Deep learning on YARN: running Tensorflow and friends on Hadoop cluster
With the arrival of Hadoop 3, YARN offer more flexibility in resource management. It is now possible to perform Deep Learning analysis on GPUs with specific development environments, leveraging available resources.
This article is a based on the presentation of Wandga Tan, Apache Hadoop PMC menber, at the DataWorks Summit 2018. It mostly focus on GPU.
Artificial intelligence and its underlying technologies such as Deep Learning gain a lot of traction in the last few years. Hortonworks went in this direction by enriching its distribution with the integration of different frameworks of Deep Learning in HDP 3. Of course, it will still be possible to use the traditional machine learning models such as “Logistic Regression” and “Reinforcement Learning” through the Spark MLlib library or XGBoost. The big news is to have the possibility to run Deep Learning models “DNN”, “CNN”, “RNN”, “LSTM” through the famous TensorFlow framework and other Apache MXNet and Pytorch.
All the work of Deep Learning runs much faster on GPU, due to the higher core density compared to CPU.
Without GPU support, researchers suffers from much longer waiting time
YARN, the Hadoop Resource Manager allows :
- Maintaining SLA through its ability to schedule, preempt and allocate resources
- Monitoring of resources with a custom Grafana dashboard (HDP distribution)
- Organization of job execution and resource allocation with YARN queues
- Isolation of CPUs, memory, GPUs and FPGAs
YARN provides the opportunity to run the majority of Hortonworks services on a same platform. In addition, a set of nodes can be dedicated to specific usages :
GPU isolation and orchestration will not be available in Hadoop in version 3.0.0. Support will start with version 3.1.0. GPU isolation support in YARN is required to garanty the availability of the resources to different users of the cluster. YARN uses the CGroups and Docker to set up the isolation.

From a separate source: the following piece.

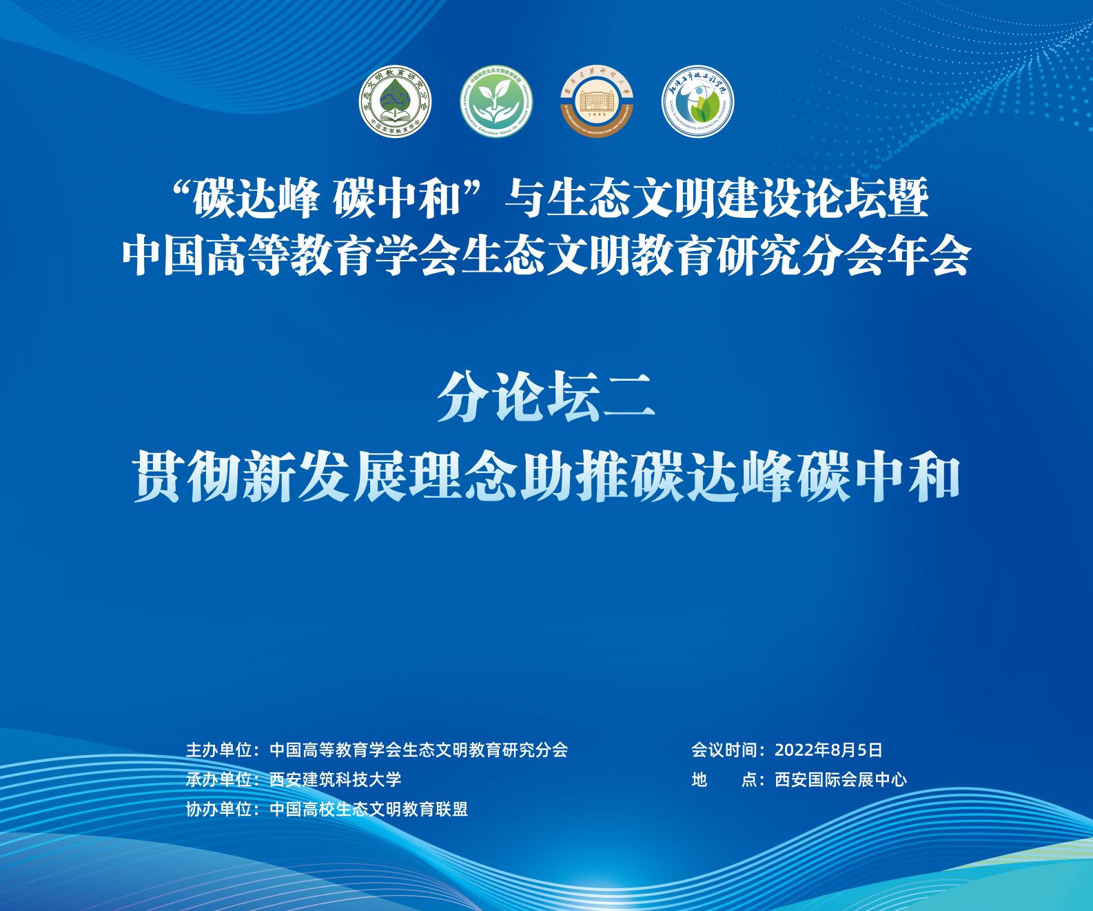 MK官网2022年8月9日电(通讯员 胡雯 姜爱娜)8月5日下午,“贯彻新发展理念助推碳达峰碳中和”论坛在西安国际会展中心成功举办。该论坛是“碳达峰 碳中和”与生态文明建设论坛暨中国高等教育学会生态文明教育研究分会年会的分论坛之一,由中国高等教育学会生态文明教育研究分会主办,西安建筑科技大学承办,中国高校生态文明教育联盟协办。该论坛以线上线下结合的方式召开,来自近100个单位的150位代表现场参会,超过130万人次通过央视频在线上观看直播。

Deep Learning is now in high demand. Many enterprises are looking into artificial intelligency as a solution to solve their needs and introduce new services. Today a significant number of solutions exist such as Kubernetes, Mesos, Docker Swarm, OpensShift and a few proprietary solutions. One wonders if Hortonworks and the Apache community are not late in offering Deep Learning on the Hadoop platform. Nevertheless it offers interesting possibilities. An Hadoop cluster may be splitted between dedicated nodes for storage and others dedicated nodes to DataLab usages including Deep Learning with multiple machines onboarding GPUs. In addition, Hortonworks offers an ecosystem rich of technical solutions and libraries.